Customizing embedding models for enterprise environments involves several approaches, such as training a new embedding model from scratch, or extending pretraining of an existing embedding model. Training from scratch means building an embedding model specifically for that organization, which requires vast amounts of annotated data and computational resources. Extending pretraining by incorporating domain-specific data into existing models like BERT (a language model that helps computers understand the meaning of ambiguous language in text by using surrounding text to establish context) also demands significant resources and may not be viable for enterprises with limited datasets.
Fine-tuning for tailored information retrieval
Fine-tuning is likely the most practical and effective solution for enterprise environments, which is why InfosysEM was developed. Fine-tuning involves taking a pretrained embedding model and adapting it with enterprise-specific data. This approach leverages transfer learning, where knowledge from a broader dataset is adapted to a smaller, domain-specific dataset. Fine-tuning enables efficient customization without the need for extensive resources. It ensures that the embedding model captures the nuances of enterprise language and context, enhancing the accuracy and relevance of information retrieval tasks.
The fine-tuning process
The process of fine-tuning an embedding model involves several steps:
- Dataset preparation: Gather and preprocess enterprise-specific data, ensuring it reflects the linguistic characteristics and terminologies specific to the organization.

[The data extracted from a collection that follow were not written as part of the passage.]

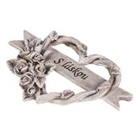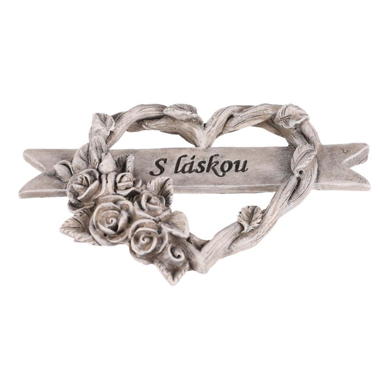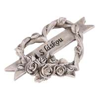 Decentní pietní dekorace v podobě proutí upleteného do tvaru srdce se stuhou a vše doplněné květy růží. Stuha je doplněna nápisem „S láskou“ pro umocnění symbolu úcty a vzpomínky. Šedé provedení a jemné detaily dodávají dekoraci vkusný a důstojný vzhled. Dekorace vyrobena z odolného polyresinu je vhodná pro venkovní pietní a vzpomínková místa. Hmotnost - brutto (kg): 0.00 Objem celkem (m3): 0.00 Hmotnost - netto (kg): 0.04 Barva primární: Šedá Výška (cm): 2.00 Materiál: Polyresin Alternativní sezóna: Celorok Hloubka (cm): 9.00 Šířka (cm): 9.00 Sezóna: Dušičky Tvar: Srdce Hmotnost (g): 41.00 Počet kusů v kartonu: 48.00 Počet kusů v boxu: 8.00 Rozměry: cm Hmotnost:0,06 kg Cena je za 8 kusů.
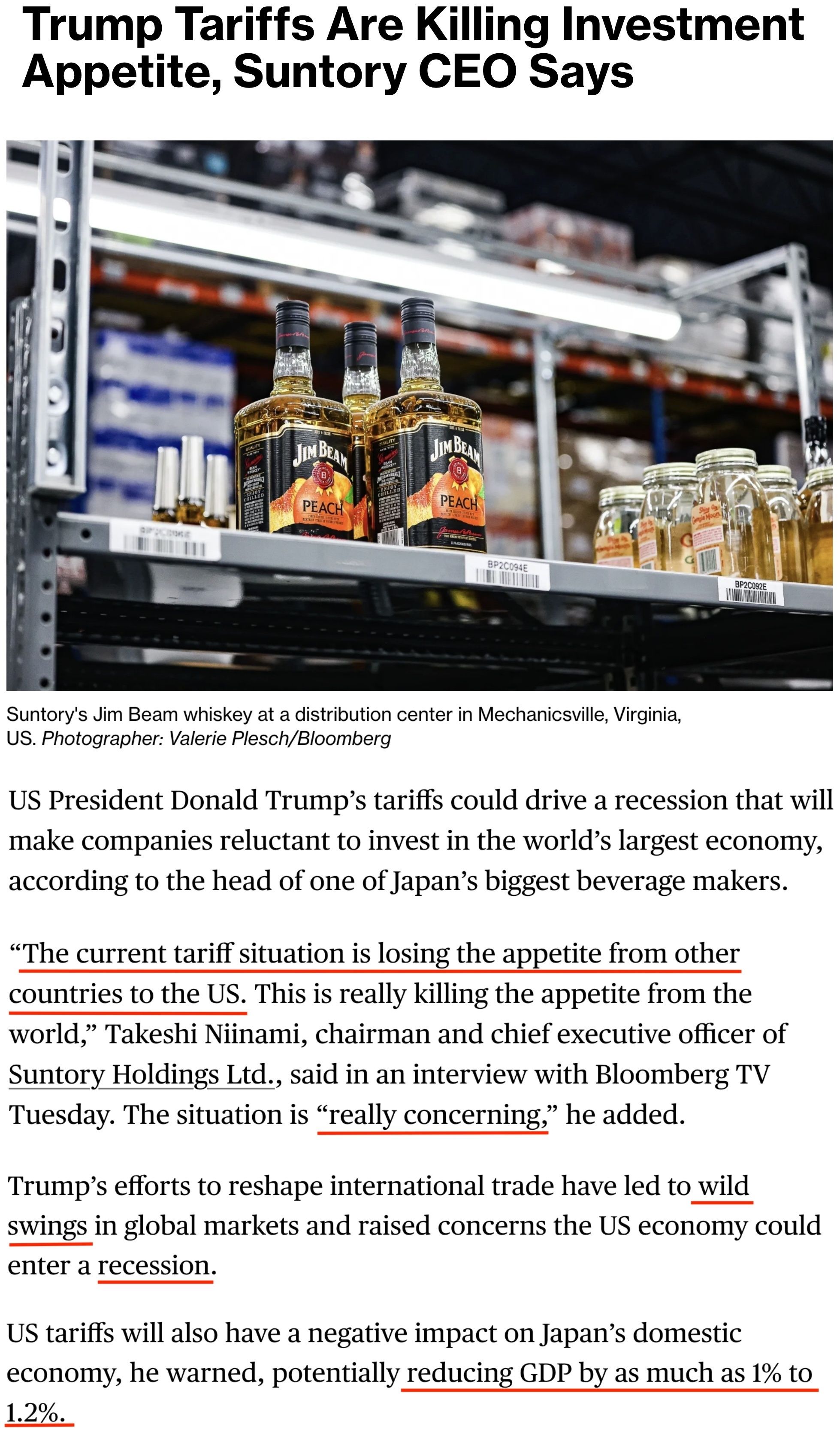 日本首相辦公室高級經濟顧問、日本最大飲料製造商之一三得利公司董事長兼首席執行官新浪剛史22日接受彭博社採訪時警告,美國的關税措施已導致全球市場劇烈波動,可能引發美國經濟衰退,並削弱其他國家對美國的投資意願。
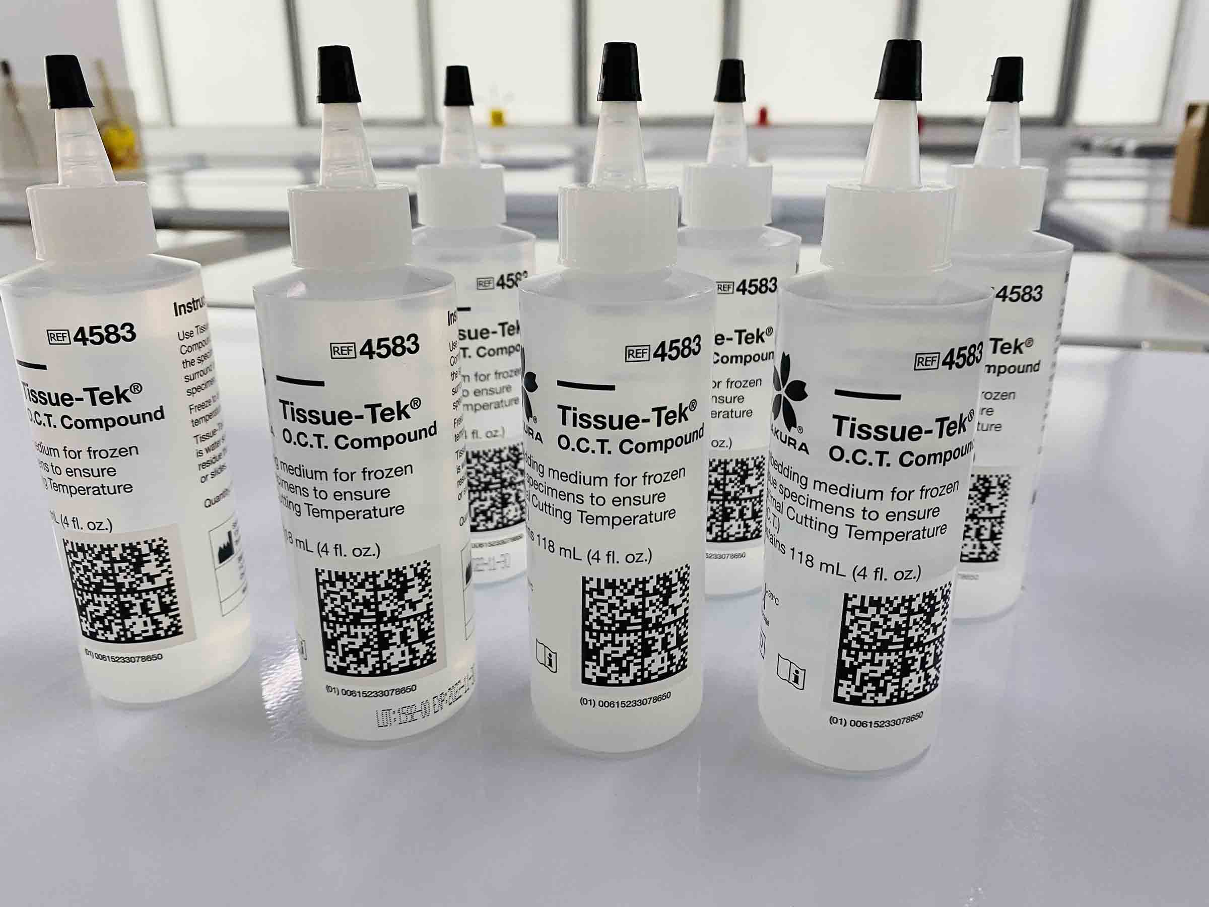 OCT冰凍切片包埋劑是一種聚乙二醇和聚乙烯醇的水溶性混合物,目前已廣泛用于免疫組化實(shí)驗(yàn)室中,其用途是在冰凍切片時(shí)支撐組織,以增加組織的連續(xù)性,減少皺折及碎裂。又因OCT混合物為水溶性,故在漂片時(shí)可溶于水,所以在以后的染色中不會(huì)增加背景染色。 利用OCT混合物(opti-mum cutting temperature compound)預(yù)先浸潤組織,然后再進(jìn)行恒冷箱切片,使切片質(zhì)量得到改善。 OCT包埋劑(SAKURA產(chǎn)品,MADE IN USA)包埋流程: 1. 將放在蔗糖溶液中的組織塊取出,放入20g L-1 蔗糖與OCT包埋劑1:1體積比例混合液中,室溫浸泡2h。 2. 移入OCT包埋劑中室溫浸泡4h,更換新的OCT包埋劑,室溫浸泡6h。 3. 將標(biāo)本置于托物臺(tái),用恒冷箱切片機(jī)切片(一般-22℃),片厚10μm,貼于預(yù)處理的載玻片上,-20℃冰箱保存。 |
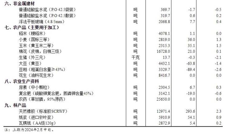 2024年2月下旬流通领域重要生产资料市场价格变动情况
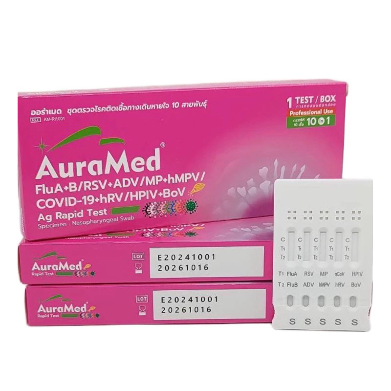 ดตรวจไข้หวัดใหญ่ hMPV hRV BoV RSV Flu A/B Covid Adeno MP Parainfluenza ไรโนไวรัส Auramed 10in1
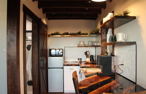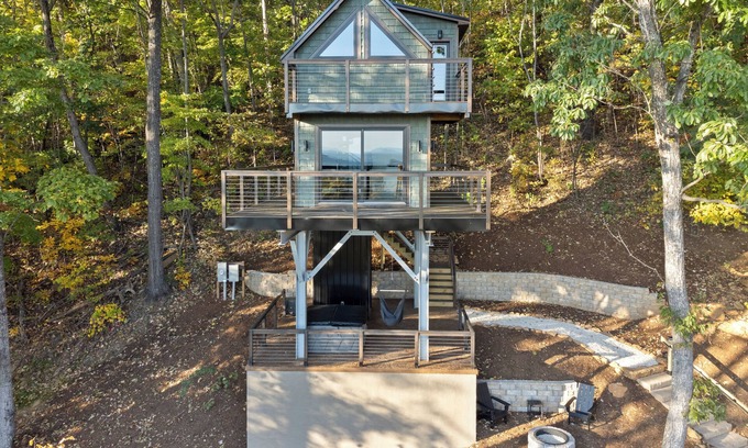 Rare Appalachian Treehouse Gem! Luxurious, one-of-a-kind retreat for couples. Elevated tiny house among the treetops, private parking, plush bedroom, sleek bathroom, beautiful kitchenette, loveseat, recliner, private double-level decks, fireside lounging (wood provided), gas grill, and patio with a hot tub! Surrounded by nature, with wineries, hikes, restaurants and shopping all nearby. Please come and relax and revel in the beauty of nature! 4WD is highly recommended.

- Selection of a pretrained model: Choose a pretrained embedding model suitable for the enterprise's needs, such as BERT or a domain-specific variant.

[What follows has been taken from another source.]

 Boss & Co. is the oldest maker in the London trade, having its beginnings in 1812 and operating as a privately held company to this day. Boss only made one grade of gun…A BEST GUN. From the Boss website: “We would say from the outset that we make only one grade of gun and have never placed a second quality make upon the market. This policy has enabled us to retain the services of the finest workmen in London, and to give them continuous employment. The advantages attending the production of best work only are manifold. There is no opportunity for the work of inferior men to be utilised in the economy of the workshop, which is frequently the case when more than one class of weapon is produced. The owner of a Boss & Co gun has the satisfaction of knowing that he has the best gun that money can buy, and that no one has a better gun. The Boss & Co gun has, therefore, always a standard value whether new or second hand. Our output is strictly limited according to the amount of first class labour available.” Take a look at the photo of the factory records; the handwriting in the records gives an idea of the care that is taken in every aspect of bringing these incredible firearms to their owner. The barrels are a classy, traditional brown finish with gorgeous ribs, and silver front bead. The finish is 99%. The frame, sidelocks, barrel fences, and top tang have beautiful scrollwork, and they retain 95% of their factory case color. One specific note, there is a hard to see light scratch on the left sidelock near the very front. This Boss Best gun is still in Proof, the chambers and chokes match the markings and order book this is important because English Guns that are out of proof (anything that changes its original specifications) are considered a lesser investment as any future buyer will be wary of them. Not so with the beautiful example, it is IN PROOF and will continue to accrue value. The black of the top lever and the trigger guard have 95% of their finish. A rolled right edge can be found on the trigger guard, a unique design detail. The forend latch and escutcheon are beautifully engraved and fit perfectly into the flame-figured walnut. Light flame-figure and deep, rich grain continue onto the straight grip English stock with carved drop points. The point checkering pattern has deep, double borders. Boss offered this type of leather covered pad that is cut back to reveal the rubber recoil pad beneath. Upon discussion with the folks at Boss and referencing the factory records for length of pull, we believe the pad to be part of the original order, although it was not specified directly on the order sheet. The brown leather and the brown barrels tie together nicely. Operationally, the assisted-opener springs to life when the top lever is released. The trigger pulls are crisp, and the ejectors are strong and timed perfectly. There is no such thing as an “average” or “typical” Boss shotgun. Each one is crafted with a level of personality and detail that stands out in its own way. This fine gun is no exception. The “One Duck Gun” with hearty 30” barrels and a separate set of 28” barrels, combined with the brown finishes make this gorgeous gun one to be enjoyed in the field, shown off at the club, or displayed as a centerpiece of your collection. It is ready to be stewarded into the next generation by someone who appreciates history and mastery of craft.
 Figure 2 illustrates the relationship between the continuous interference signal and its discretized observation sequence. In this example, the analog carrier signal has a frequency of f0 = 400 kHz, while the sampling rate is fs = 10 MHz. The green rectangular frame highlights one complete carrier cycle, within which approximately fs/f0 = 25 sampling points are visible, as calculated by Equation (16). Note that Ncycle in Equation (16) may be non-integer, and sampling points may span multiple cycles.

- Fine-tuning: Adapt the pretrained model using the enterprise dataset through iterative training cycles. This step allows the model to learn domain-specific patterns while retaining the foundational knowledge from the original pretraining.
- Evaluation and validation: Assess the performance of the fine-tuned model on validation datasets to ensure it meets the desired criteria for information retrieval tasks.
Figure 2 illustrates how these steps fit together and describes the processes involved in fine-tuning the embedding model using enterprise-specific datasets.
Figure 2. The fine-tuning process
Source: Infosys
Getting it right
As discussed, building enterprise-specific embedding models has many advantages. However, implementing a fine-tuned embedding model demands best practices in data handling, model selection, and model validation.
From work conducted by Infosys experts, getting information retrieval right through embedding models is as much art as science. Key considerations when building domain-specific embedding model include:
- Assess data availability: Evaluate the availability and quality of enterprise-specific data before deciding on a fine-tuning strategy.
- Choose appropriate models: Select pretrained models that fit the enterprise's domain and information retrieval needs.
- Iterative improvement: Continuously refine and optimize the fine-tuned model based on ongoing feedback and performance metrics.
The road to greater trust and reliability
In an Ipsos survey, only 37% of employees feel AI will improve their jobs, while 52% express concerns about AI products and services.
Focusing on better information retrieval will enhance AI products and build trust among enterprise users, a key pillar of any AI strategy.
Information retrieval based on fine-tuned embedding models integrated with the RAG architecture is a positive step toward responsible AI, reducing some anxiety surrounding generative AI models. And AI decisions will be comprehensible and controllable by humans, with consistent business outcomes – a true win-win.